SOURCE MATERIAL
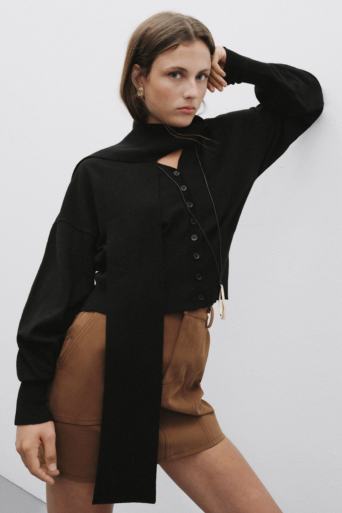 Notify me when its in stockBlack long sleeve fitted cardigan with narrow cuffs, front button closure, and scarf accessory in viscose blend knit fabric
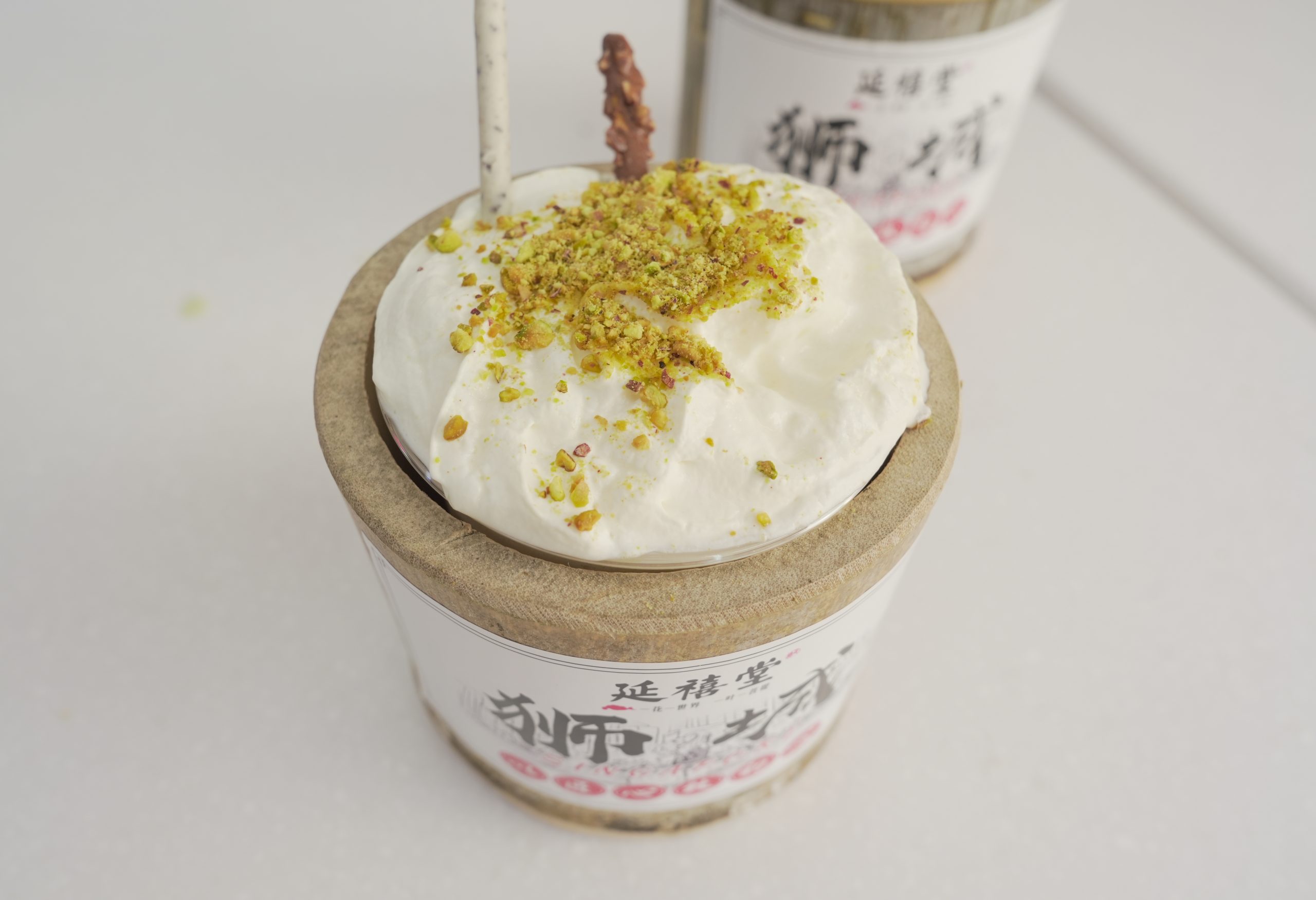 For obvious reasons, the drinks are not poured directly into the bamboo cup. Instead, the drinks are poured into a plastic cup and then placed inside the bamboo barrel. All of the drinks come topped with whipped cream and two sticks of Pepero biscuits.
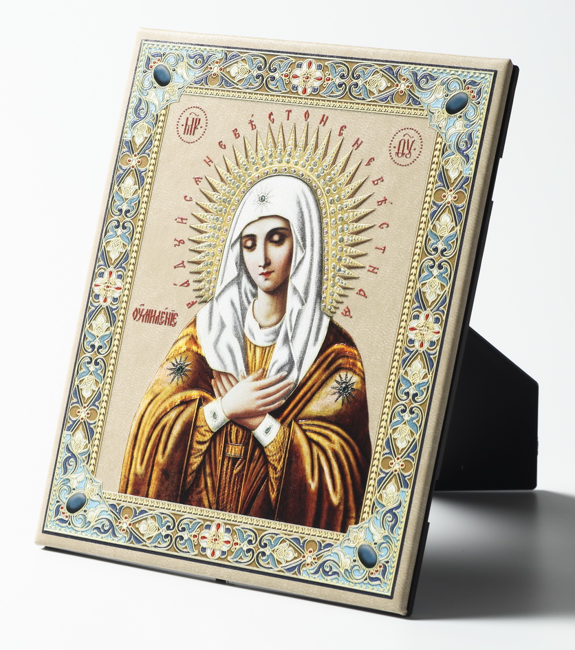 Иконы настольные на подставке изготовлены с использованием техники объёмной печати на коже. Для производства икон применяются только высококачественные материалы, яркие, насыщенные краски. Используется современное оборудование – УФ плоттер Mimaki. По Вашему заказу мы можем напечатать любой лик.
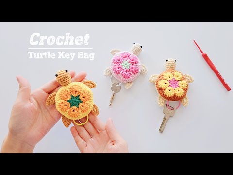 Crochet turtle key bag
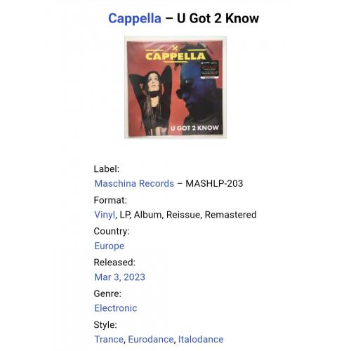 1981-2000Вінілова платівка. Другий, в дискографії, студійний альбом, Італійського євро денс, транс, італо денс проекту Cappella, який складався з учасників Келлі Оверетти та Родні Бішопа (U Got 2 Know) 1994. Випуск (Maschina Records) Estonia, 2023-ій рік. Лімітований тираж (Limited Edition). Видання нове, запаковане. Категорія S/S. Відправка по Україні службами доставки: Нова Пошта, Укр Пошта, Делівері. Також відправляємо посилки за кордон по цілому світу.
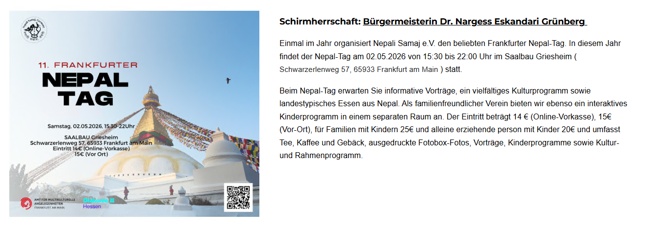 Schön, dass Sie mit uns Verbindung treten wollen! Nutzen Sie gerne unsere E-Mail Adresse, Postanschrift oder Social Media Kanäle für alle Fragen rund um Nepali Samaj e. V. und diese Website.
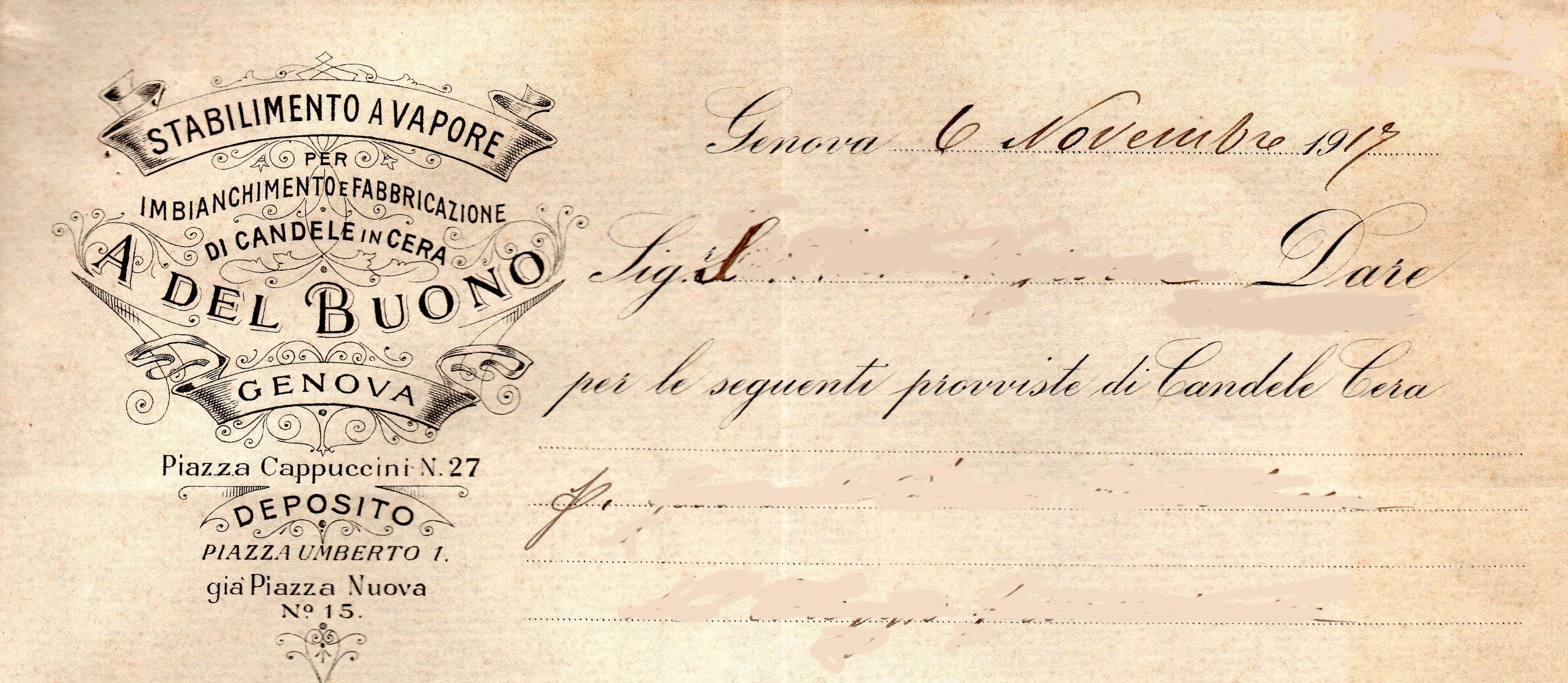 Stabilimento a vapore per Imbiancamento e fabbricazione di Candele in cera. Piazza Cappucini n°27 Deposito in Piazza Umberto I già Piazza Nuova.
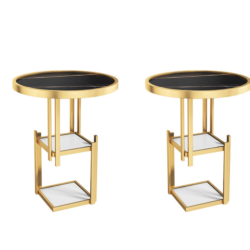 Mesa nocturna de metal nocturna contemporánea de almacenamiento abierto con 3 estantes
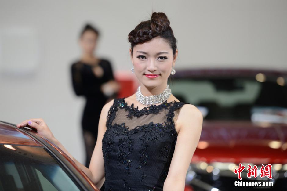 11月21日,在苏州举办的一场购车节上,一拨接一拨的中外美女出现在各个展台,比展出的各种汽车更为抢眼。商家为聚人气纷纷请来靓丽模特助阵,“美女经济”热度不减。图为靓丽模特亮相展台聚人气。 王思哲 摄
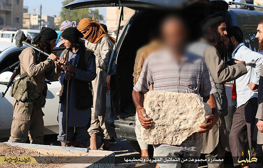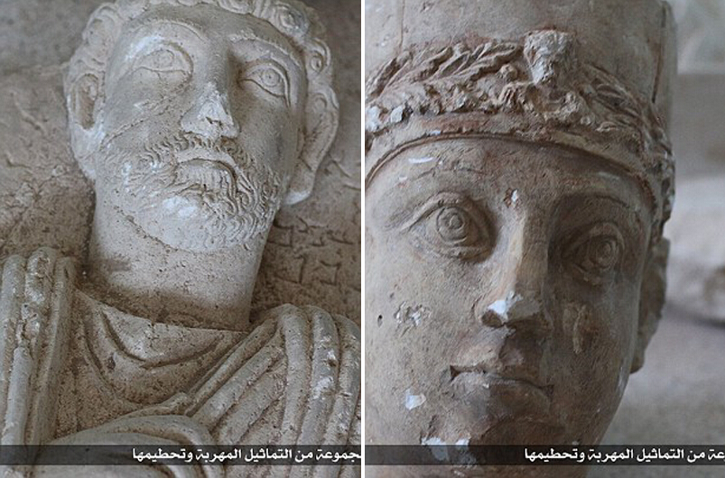 7月3日电 据外媒报道,一些疑似由极端组织“伊斯兰国”(ISIS)发布的些照片显示,武装分子砸毁了其称之为从叙利亚古迹帕尔米拉抢来的文物。
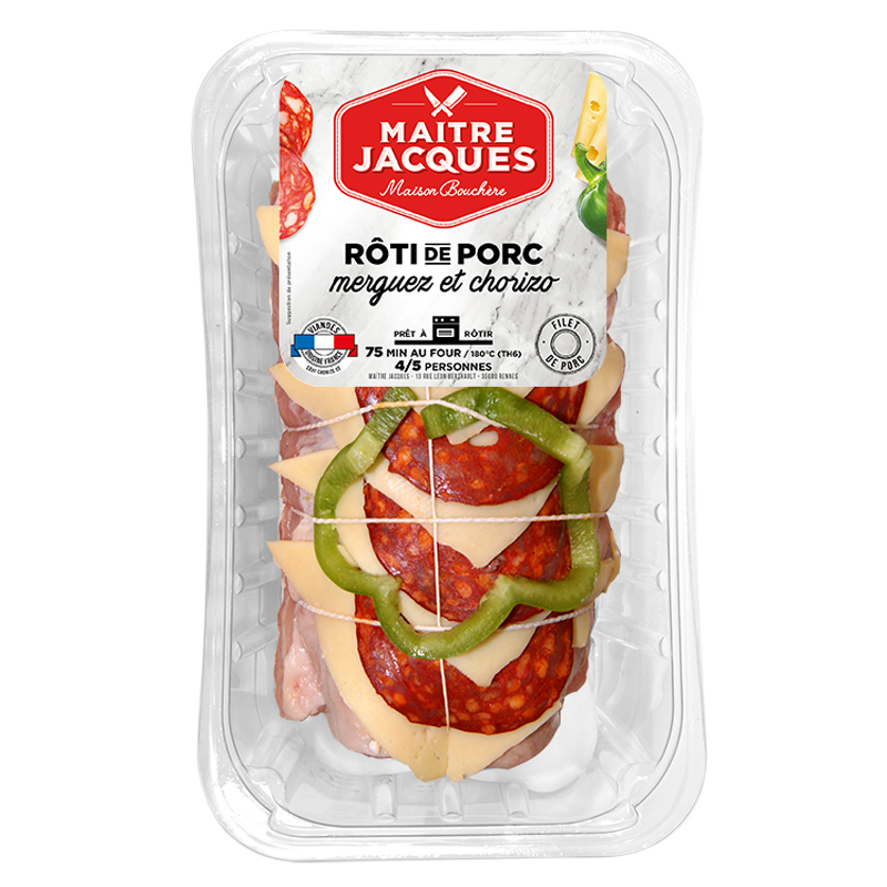 Préchauffer le four à 180°C. Dans une cocotte ou dans un plat allant au four, déposer le rôti de porc merguez chorizo et les gousses d’ail en chemise. Poivrer. Mettre un fond d’eau et passer au four pendant 1h. Bien arroser le rôti de porc pendant le temps de la cuisson. Et les 20 dernières minutes, couvrir le plat. Envelopper le rôti de porc merguez chorizo de papier sulfurisé pendant 15 minutes pour garder tout son moelleux avant le tranchage. Pour plus de gourmandise lors de la dégustation, ajouter de la crème fraîche.
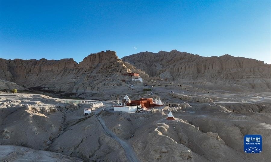 5月26日,黃昏時分的古格王國遺址(無人機照片)。
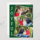 Moderne grüne Weihnachtskollage-Karte mit 3 Familienfotos in einem lustigen überlappenden Schnappschuss-Muster mit weißem Rahmen und dem Wort Freude, das vertikal auf der Seite geschrieben wurde. Finden Sie Ihre drei Lieblingsbilder für diese niedliche Familienurlaubskarte.
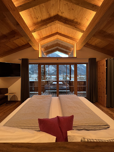 Read moreSehr schöne neue luxuriöse Chalets die im Dezember 2021 eröffnet wurden. Es ist alles da was man für einen erholsamen Urlaub braucht. Supermarkt, Metzger, Bäcker und Restaurants sind zu Fuß zu erreichen. Ein toller Startpunkt für Wanderungen, Radtouren und Ausflüge. Wir waren im April 2022 mit unserem 6 Monate alten Sohn und einem befreundeten Paar hier und die super freundlichen und hilfsbereiten Gastgeber haben uns ein Reisebett, Stillkissen, Wickelunterlage, Babybadewanne, Babybademantel, Spielzeug und ein Buch zur Verfügung gestellt. Was uns sehr geholfen hat, weil jeder der ein Baby hat weiß was man alles mitnehmen muss. Das Chalet hat auch eine sehr schöne Terrasse mit Hot Tub, Außendusche und großem Tisch von dem aus man einen tollen Blick in die Berge hat. Gegen Bezahlung kann man sich auch aus dem Weinkühlschrank bedienen, der neben Wein und Prosecco auch Bier beinhaltet. Wenn man das Haus nicht verlassen will kann man auch in Gläser eingekochte Gerichte kaufen. Da ist wirklich für jeden Geschmack was dabei, sogar Kuchen im Glas! Die Küche hat alles was man braucht, Kaffeemaschine in der schon Bohnen sind, Backofen mit integrierter Mikrowelle, Spülmaschine, Eismaschine, Wasserkocher, Milchschäumer, eingebauter Wassersprudler im Wasserhahn usw. Die Sauna im Erdgeschoss ist sehr schnell warm und im selben Raum ist auch eine Regendusche mit Wasserfallfunktion. Unten in der Tiefgarage ist genug Platz für die Autos und auch die Möglichkeit das...
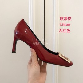 Roger Vivier New Patent Leather Square Buckle High Heels For Women Red
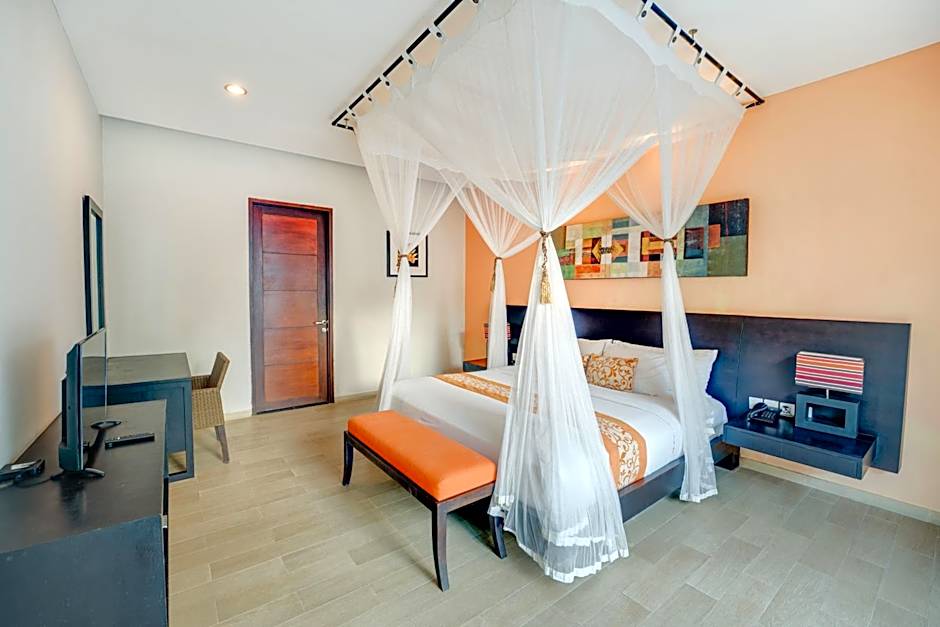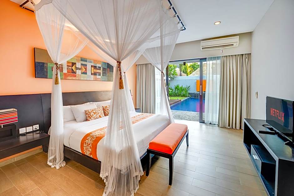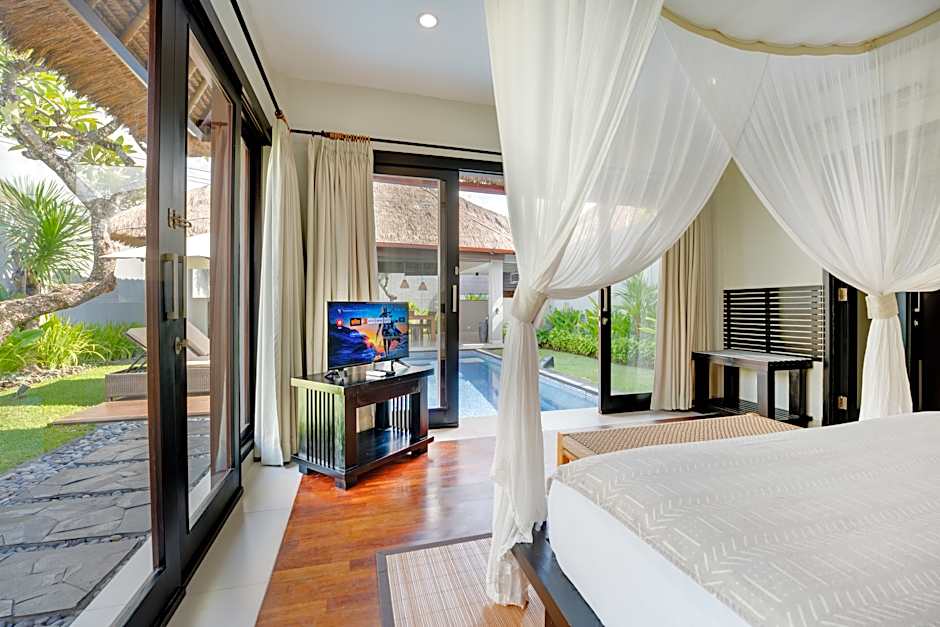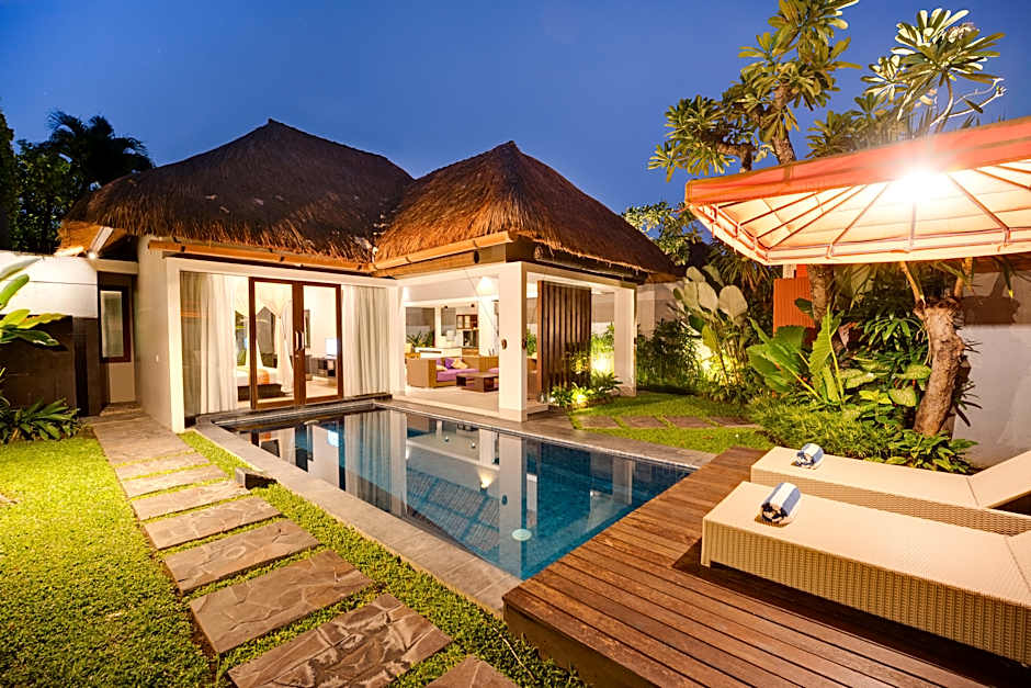This features a private pool with lounge chairs, kitchenette, living room and butler service. Guests enjoy: - Welcome drinks and chilled towel upon arrival - Flower arrangement and fresh fruit upon arrival - Daily breakfast - WiFi access - Scheduled shuttle service within Seminyak and Kuta areas - 30% discount on spa and 10% discount for food - One-time, 2 small beer bottles - One-time afternoon tea for minimum stay 3 nights
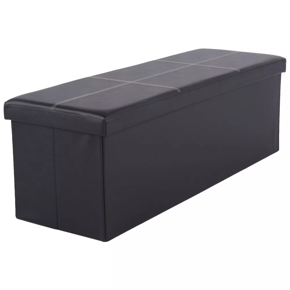 Összehajtható puff, fekete textilbőr, ZAMIRA
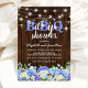 Convite de chá de bebê de churrasco country com um fundo de madeira rústica, luzes de corda de quintal, flores de jardim elegantes em aquarela azul e branca, e um modelo de celebração de chá de bebê de casal que é fácil de personalizar.
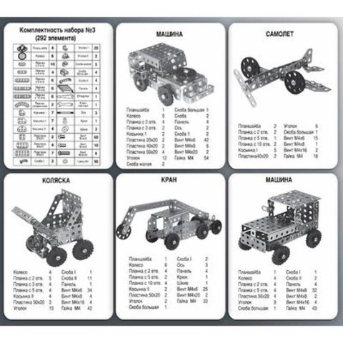 Конструктор металлический номер три - прекрасная обучающая и развивающая игра для детей, учащихся младших и средних классов школы. Каждому ребенку понравится самому создавать модели, пользуясь таким"взрослым"материалом! Ведь в набор входят настоящие винты, ключи и отвертки! Такой конструктор разовьет мелкую моторику, смекалку и усидчивость. В набор входит 292 элемента: скобы, панели, колеса, планки, пластины, уголки, винты, гайки, отвертка и гаечный ключ. В коробке также есть прекрасно оформленная инструкция по сборке, в которой детально описано, как собирать следующие модели: 2 вида машинок, самолет, коляску и кран. Всеми поделками можно играть! Но это не предел! можно собрать все, что угодно, руководствуясь собственной фантазией!
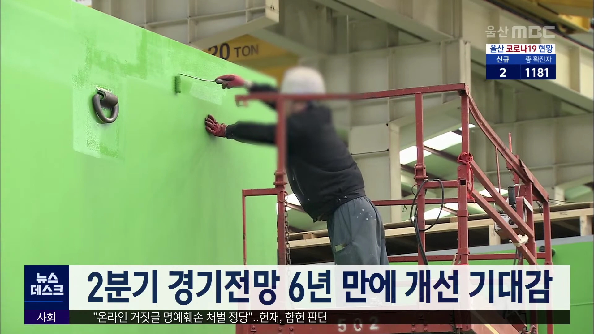 올해 2분기 기업경기가 6년 만에 나아질 것으로 전망됐습니다. 울산상공회의소가 제조업체 150곳을 대상으로 올해 2분기 기업경기 전망지수를 조사한 결과 1분기보다 31p나 뛰어오른 102로 나타났습니다. 기업경기 전망지수가 100을 넘은 것은 지난 2015년 2분기 이후 처음입니다. 기업경기 전망지수가 100 이상이면 경기가...
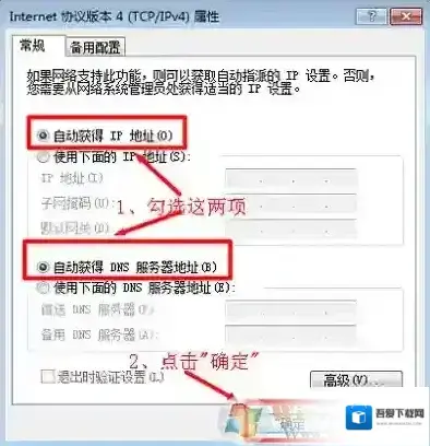5、勾选“自动获得IP地址”和“自动获得DNS服务器地址”选项– 点击“确定”
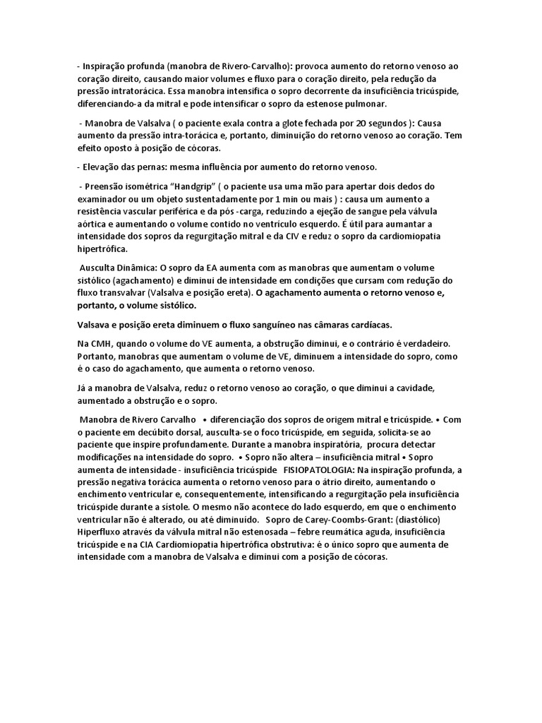 - Inspiração profunda (manobra de Rivero-Carvalho): provoca aumento do retorno venoso ao

WORK TO COMPLETE
Each line above starting at the one holding "Schön, dass Sie" and ending at the one holding "7月3日电 据外媒报道,一些" should be set down exactly as it stands, both ends included, with no pictures.

ANSWER TO THE EXERCISE
 Schön, dass Sie mit uns Verbindung treten wollen! Nutzen Sie gerne unsere E-Mail Adresse, Postanschrift oder Social Media Kanäle für alle Fragen rund um Nepali Samaj e. V. und diese Website.
 Stabilimento a vapore per Imbiancamento e fabbricazione di Candele in cera. Piazza Cappucini n°27 Deposito in Piazza Umberto I già Piazza Nuova.
 Mesa nocturna de metal nocturna contemporánea de almacenamiento abierto con 3 estantes
 11月21日,在苏州举办的一场购车节上,一拨接一拨的中外美女出现在各个展台,比展出的各种汽车更为抢眼。商家为聚人气纷纷请来靓丽模特助阵,“美女经济”热度不减。图为靓丽模特亮相展台聚人气。 王思哲 摄
 7月3日电 据外媒报道,一些疑似由极端组织“伊斯兰国”(ISIS)发布的些照片显示,武装分子砸毁了其称之为从叙利亚古迹帕尔米拉抢来的文物。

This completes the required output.